На этот раз все складывалось на редкость удачно. Добрая половина списка оказалась в отпуске или в командировке, родители отдыхали в санатории, и даже никого из «нужных» людей в городе не было. На ужин в «Ультрафиолет» пришли только самые близкие друзья. То, что «вечер удался», можно было сказать уже в начале вечеринки. Миша не стал сдвигать торжество на выходные, решив, что если уж попал день рожденья на среду, то пусть это и будет среда. Народу в ресторане было немного, не было «пятничного угара», когда все стараются как можно быстрее сбросить с себя накопившееся за неделю раздражение, пьют быстро, говорят все громче и музыка становится все назойливее.
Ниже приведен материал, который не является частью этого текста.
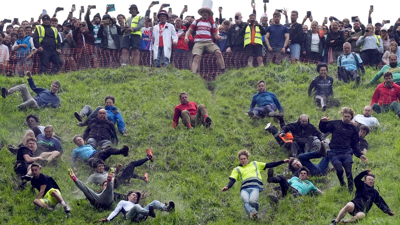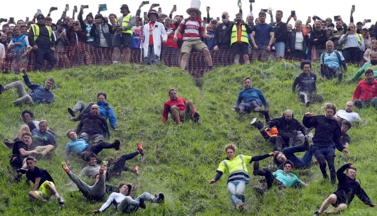 Dairy-loving daredevils threw caution to the wind Monday for one of Britain’s most extreme annual events: cheese rolling.
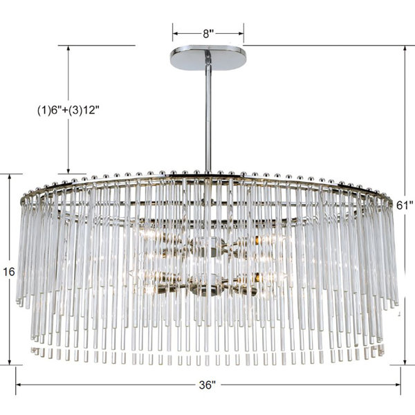 Grab glances from your guests as soon as they enter your entryway or dress up the dining room for an upcoming dinner party with this chic chandelier. Crafted from metal, its frame takes on a streamlined, circular silhouette finished in polished chrome and measures 17.25'' H x 36'' W x 16'' D. Two tiers inside offer eight lights overall, highlighted by cascading crystal accents to instantly up the drama of any ensemble.

Друг Леша, поставляющий вино в «Ультрафиолет», договорился с метрдотелем о том, что спиртное будет «свое», и даже завез накануне пару коробок австралийского шираза. Любимый теплый салат с утиной грудкой подали почти сразу, и оголодавший после работы народ с удовольствием чавкал и довольно урчал, ненадолго позабыв о виновнике торжества.
«Хороший пошел нынче гость. Выпивной, нажористый», – с удовлетворением отмечал Миша, успевший пообедать на работе. Он лениво ковырялся вилкой в тарелке и исподтишка рассматривал спутниц своих друзей. «Новеньких» было две: Гена привел совсем юное создание с пирсингом в носу и синей прядью на пол-лица, а рядом с Лешей сидела холеная женщина лет сорока. Не «красивая», не «эффектная», а именно «холеная». В этой худощавой брюнетке все было подчеркнуто безупречно: легкий загар, идеальный маникюр на ухоженных руках, прическа-каре от дорогого мастера, темная губная помада и тени в стиле Греты Гарбо. Строгий, почти мужской костюм тонкой шерсти и пара колец белого золота (дизайн минимальный – все внимание на камне) довершали образ. Это был тот тип женщины, чей возраст только подчеркивал ее совершенство. Она почти не притрагивалась к еде и с откровенным интересом смотрела на именинника. Было в ее взгляде что-то от художника, который с легким прищуром изучает свою модель прежде, чем приступить к рисунку. Миша, не выдержав пристального взгляда, растерянно улыбнулся и кивнул.